WHAT THIS TASK INVOLVES:
Locate, in the data below, the line that contains "- Kokonaissyvyys avopääty: 203 cm" and the line that contains "Купить Комплект 50"; reproduce exactly those two lines and every line between them, nothing more.

PROVIDED RECORDS:
------------

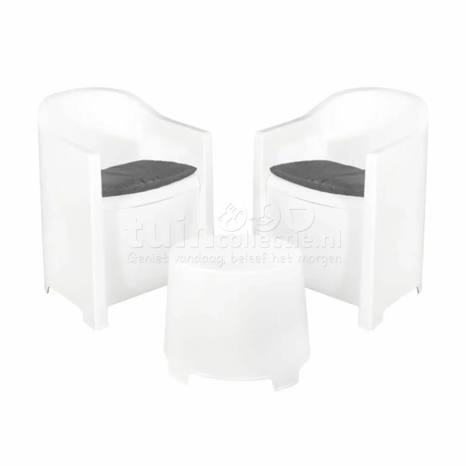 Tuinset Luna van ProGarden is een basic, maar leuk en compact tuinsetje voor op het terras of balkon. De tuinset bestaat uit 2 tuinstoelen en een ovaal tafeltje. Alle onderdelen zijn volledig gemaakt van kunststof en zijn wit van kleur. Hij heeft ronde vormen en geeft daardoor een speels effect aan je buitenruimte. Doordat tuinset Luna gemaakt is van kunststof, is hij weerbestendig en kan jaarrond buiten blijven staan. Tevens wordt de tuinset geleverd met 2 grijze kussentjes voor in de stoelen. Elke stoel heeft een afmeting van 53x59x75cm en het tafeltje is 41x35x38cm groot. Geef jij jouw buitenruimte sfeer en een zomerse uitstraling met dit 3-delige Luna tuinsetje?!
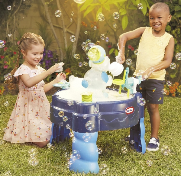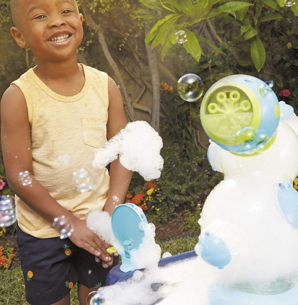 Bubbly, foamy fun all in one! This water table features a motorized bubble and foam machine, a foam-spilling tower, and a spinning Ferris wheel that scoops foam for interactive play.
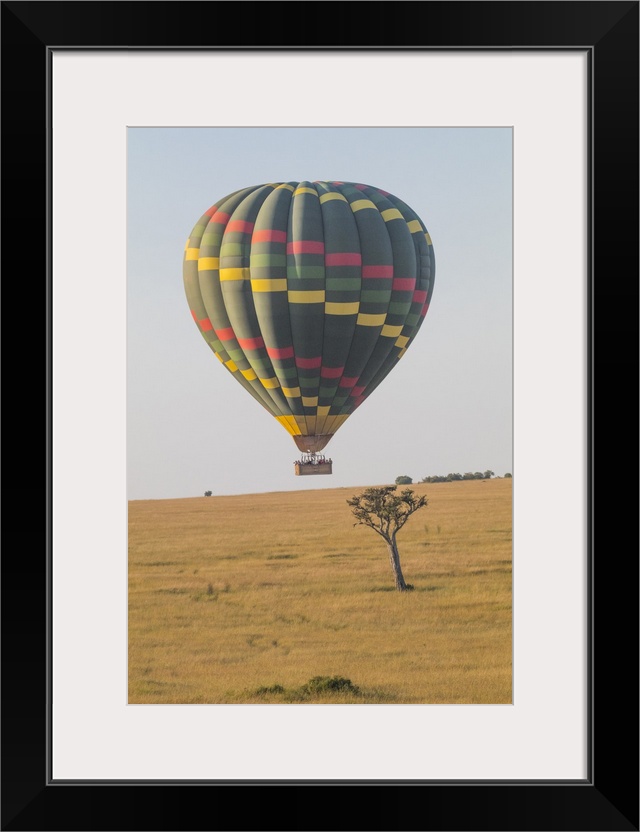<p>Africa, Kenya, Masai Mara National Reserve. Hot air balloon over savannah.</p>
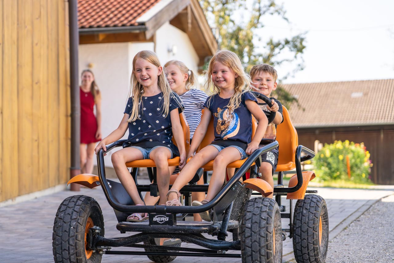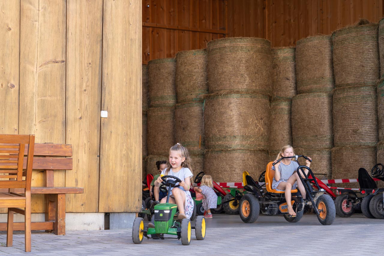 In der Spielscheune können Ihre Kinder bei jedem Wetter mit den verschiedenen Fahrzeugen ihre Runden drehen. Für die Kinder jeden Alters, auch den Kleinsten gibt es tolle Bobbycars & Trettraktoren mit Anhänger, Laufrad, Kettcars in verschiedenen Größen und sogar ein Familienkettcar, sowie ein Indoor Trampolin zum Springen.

------------

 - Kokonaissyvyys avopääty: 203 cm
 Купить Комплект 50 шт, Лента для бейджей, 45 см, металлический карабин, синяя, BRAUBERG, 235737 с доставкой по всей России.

------------

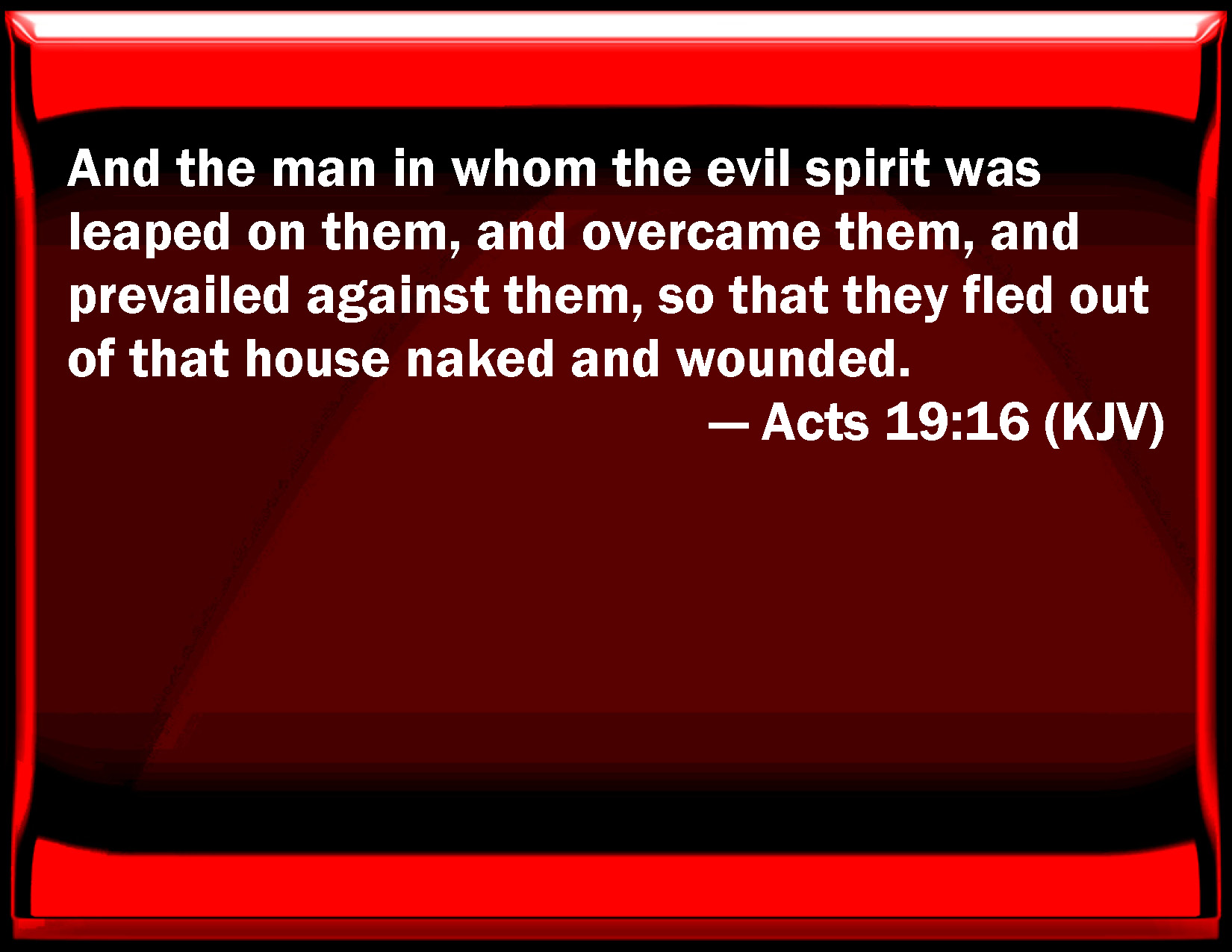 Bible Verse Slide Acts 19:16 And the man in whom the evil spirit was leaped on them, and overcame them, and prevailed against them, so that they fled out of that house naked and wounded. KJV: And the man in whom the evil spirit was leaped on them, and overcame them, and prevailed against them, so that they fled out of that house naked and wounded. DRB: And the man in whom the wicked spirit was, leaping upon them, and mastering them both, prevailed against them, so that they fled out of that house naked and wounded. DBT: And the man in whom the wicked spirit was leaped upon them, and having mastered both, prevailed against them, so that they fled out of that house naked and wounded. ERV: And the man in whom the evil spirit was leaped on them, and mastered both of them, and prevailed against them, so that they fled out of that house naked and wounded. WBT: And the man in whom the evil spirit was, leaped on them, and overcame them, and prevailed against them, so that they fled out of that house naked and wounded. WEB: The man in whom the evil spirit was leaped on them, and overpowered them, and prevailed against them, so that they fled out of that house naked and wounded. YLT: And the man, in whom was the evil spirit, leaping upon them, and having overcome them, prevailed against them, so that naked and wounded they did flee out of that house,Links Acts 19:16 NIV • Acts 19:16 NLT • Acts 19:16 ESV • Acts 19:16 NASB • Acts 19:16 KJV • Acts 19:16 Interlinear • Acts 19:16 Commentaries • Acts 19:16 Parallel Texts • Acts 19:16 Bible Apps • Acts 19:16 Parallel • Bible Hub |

------------

WORKED SOLUTION:
 - Kokonaissyvyys avopääty: 203 cm
 Купить Комплект 50 шт, Лента для бейджей, 45 см, металлический карабин, синяя, BRAUBERG, 235737 с доставкой по всей России.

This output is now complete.